Мисс Джонс вывела его. Было 2. 30.
…Минус 081. Счет продолжается…
Ричардс стоял сбоку в окружении двух полицейских, слушая, как публика в студии отчаянно аплодировала Бобби Томпсону. Он нервничал. Он осмеивал себя за это, но факт оставался фактом. Насмешки не уменьшали нервозности. Было 6. 01.
— Сегодняшний претендент, находчивый и сильный, живет к югу от Канала в нашем родном городе, — говорил Томпсон. Кадр сменился фотографией Ричардса в мешковатой серой блузе, сделанной скрытой камерой несколько дней назад. Фон был похож на зал ожидания
На шестом этаже. Фотография отретуширована, подумал Ричардс, чтобы глаза казались более глубоко посаженными, лоб ниже, щеки более впалыми. Его рту было придано глумливое выражение кистью какого-то техника. В целом Ричардс на экране вызывал ужас — урбанистический ангел смерти, грубый, не слишком умный, но обладающий примитивной звериной хитростью. Пугало для обитателя хороших кварталов Города.
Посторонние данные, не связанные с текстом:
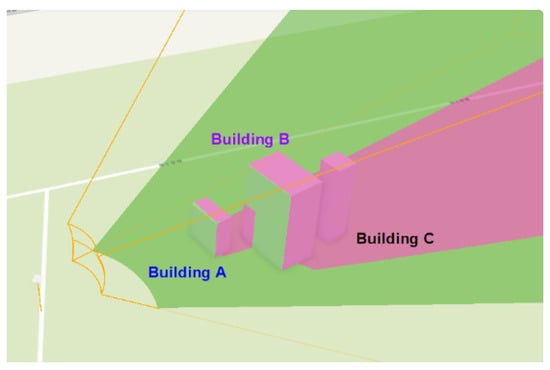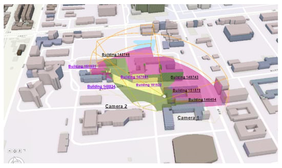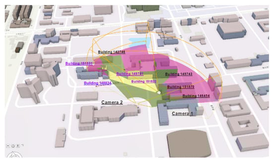 Another test takes the Building 149741 as the constraint; the search results on the index Table 5 (based on the visible objects in metadata), find two CCTVs can provide visual information about Building 147941 (Table 6). Figure 16 and Figure 17a,b, respectively, show the 3D FOV analysis and the two images captured by the two cameras. Although building 149741 is recorded as visible by both CCTVs, the 3D FOV analysis shows only parts of the building are visible due to the obstruction. With these two CCTV selected, the index also shows parts of building ID 151531 are also visible from both CCTVs. This test clearly demonstrates the advantage of managing multiple CCTV systems through standardised metadata and the potential to provide better visual coverage than what a single CCTV system alone can provide. The above 3D illustration shows the area of invisible, visible and multi-coverage with the colours of red, green and yellow. The multiple coverage areas, as Section 2.3 suggests, can be explicitly recorded. Thus, as long as the reported incident is within it, the information of this set of CCTVs can be retrieved directly from the database.

— Это Бенджамин Ричардс, двадцать восемь лет. Запомните его лицо! Через полчаса он будет рыскать по городу. Подтвержденное свидетельство о его местопребывании принесет вам сто нью-долларов! Если ваше свидетельство приведет к убийству, это принесет вам тысячу нью-долларов!
Мысли Ричардса были далеко, реальность мощно обрушилась на него.
— …а вот женщина, которая получит вознаграждение Бенджамина Ричардса, если и когда он погибнет!
Изображение сменилось фотографией Шейлы… но и здесь поработала кисть, водимая на этот раз более тяжелой рукой. Результат был ужасен. Милое, не слитком красивое лицо превратилось в лицо грубой безвкусной неряхи. Толстые надутые губы, глаза, блестящие от жадности, намек на двойной подбородок, спускающийся на обнаженную грудь.
— Сволочь! — проскрежетал Ричардс. Он рванулся вперед, но сильные руки удержали его. — Не кипятись, приятель. Это всего лишь картинка. Через минуту его наполовину вывели, наполовину вытащили на сцену.
Реакция публики была мгновенной. Студия наполнилась визгливыми выкриками
— Вон! Накрутить ему хвост!
— Убирайся, подонок!
— Убить его! Убить сволочь! На, выкуси! Убирайся вон!
Бобби Томпсон успокаивающе поднял руки и ласково попросил тишины.
— Давайте выслушаем, что он может нам сказать.
Публика успокоилась, хотя и неохотно. Ричардс стоял под ярким светом, как бык с опущенной головой. Он знал, что излучает именно тот ореол ненависти и вызова, который от него ожидали, но ничего не мог поделать.
Он уставился на Томпсона тяжелым взглядом своих покрасневших глаз.
— Кто-то съест свои яйца за фотографию моей жены, — произнес он.
— Говорите громче, говорите громче, мистер Ричардс! — воскликнул Томпсон с должным оттенком презрения. — Никто вас не тронет… По крайней мере, пока.
Из публики полетели новые выкрики и истерическая брань.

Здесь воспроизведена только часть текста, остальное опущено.